论文标题
理解强化学习和概率推断
Making Sense of Reinforcement Learning and Probabilistic Inference
论文作者
论文摘要
加强学习(RL)将控制问题与统计估计结合在一起:代理商不知道系统动力学,但可以通过经验来学习。最近的一系列研究将“ RL作为推理”进行了,并提出了将RL问题推广为概率推断的特定框架。我们的论文在这种方法中浮出水面的关键缺点,并阐明了RL可以将RL作为推理问题连贯的意义。特别是,RL代理必须考虑其行动对未来奖励和观察的影响:勘探 - 探索折衷方案。除了最简单的设置外,所产生的推论在计算上是棘手的,因此必须求助于实用的RL算法。我们证明,在非常基本的问题中,流行的“ RL作为推理”的近似值可能会效果不佳。但是,我们表明,框架确实产生了可以证明表现良好的算法,并且表明所得算法等同于最近提出的K-学习算法,我们将与Thompson采样进一步连接。

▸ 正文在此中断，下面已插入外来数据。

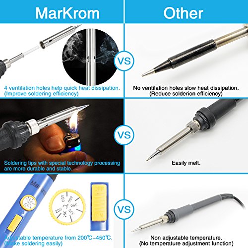 Markrom Soldering Iron Kit for DIYer with ON/OFF Switch Adjustable Temperature, 9-in-1, Household 60W Soldering Iron Tools, with 5pcs Soldering Tips, Solder, Solder Wires, Stand and Other Tools
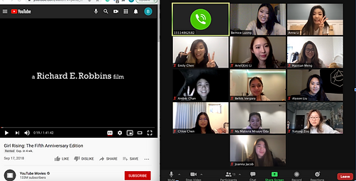 For this event, we all virtually joined together to watch a documentary that tells the stories of nine girls from developing countries who strive to become educated.
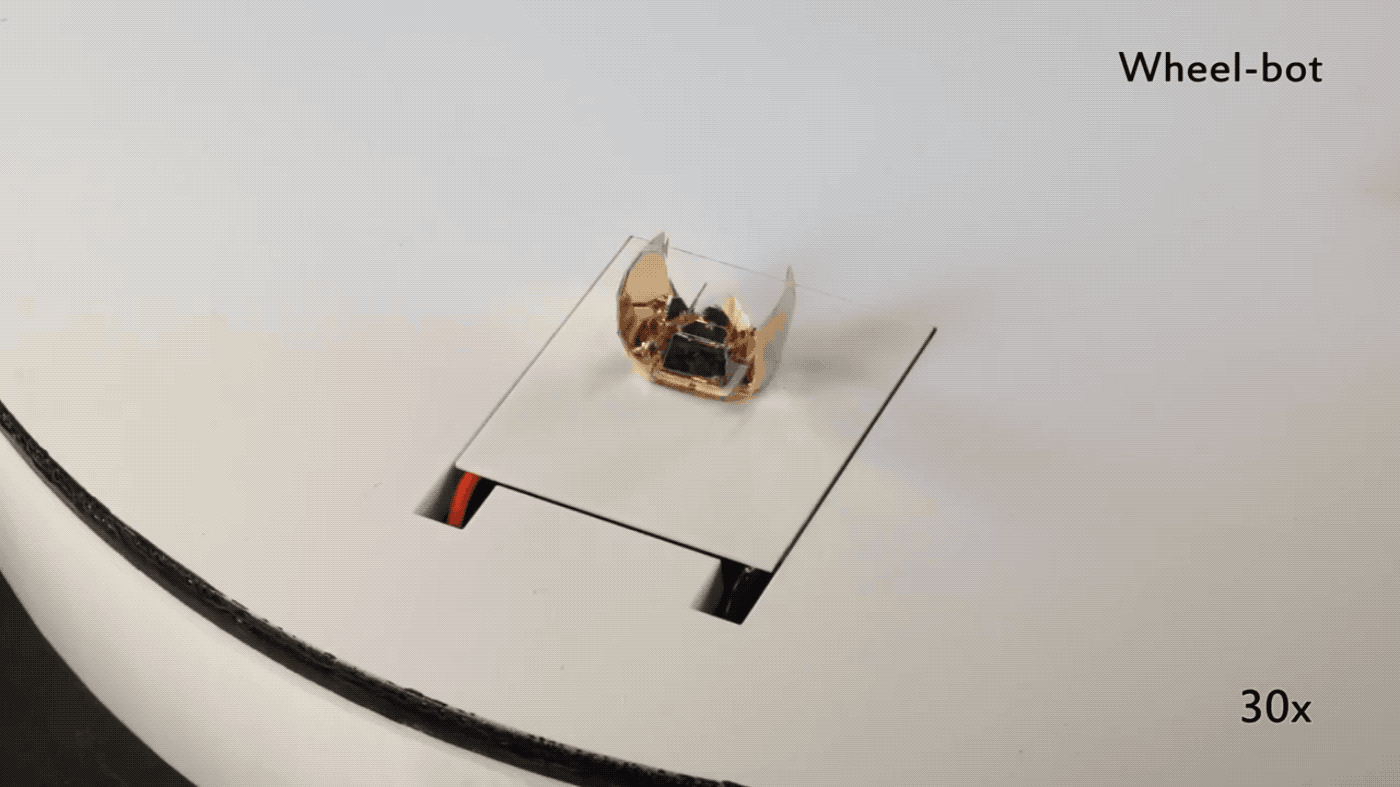 被外骨骼包裹成车轮状的机器人,滚动速度是平时的两倍:

Reinforcement learning (RL) combines a control problem with statistical estimation: The system dynamics are not known to the agent, but can be learned through experience. A recent line of research casts `RL as inference' and suggests a particular framework to generalize the RL problem as probabilistic inference. Our paper surfaces a key shortcoming in that approach, and clarifies the sense in which RL can be coherently cast as an inference problem. In particular, an RL agent must consider the effects of its actions upon future rewards and observations: The exploration-exploitation tradeoff. In all but the most simple settings, the resulting inference is computationally intractable so that practical RL algorithms must resort to approximation. We demonstrate that the popular `RL as inference' approximation can perform poorly in even very basic problems. However, we show that with a small modification the framework does yield algorithms that can provably perform well, and we show that the resulting algorithm is equivalent to the recently proposed K-learning, which we further connect with Thompson sampling.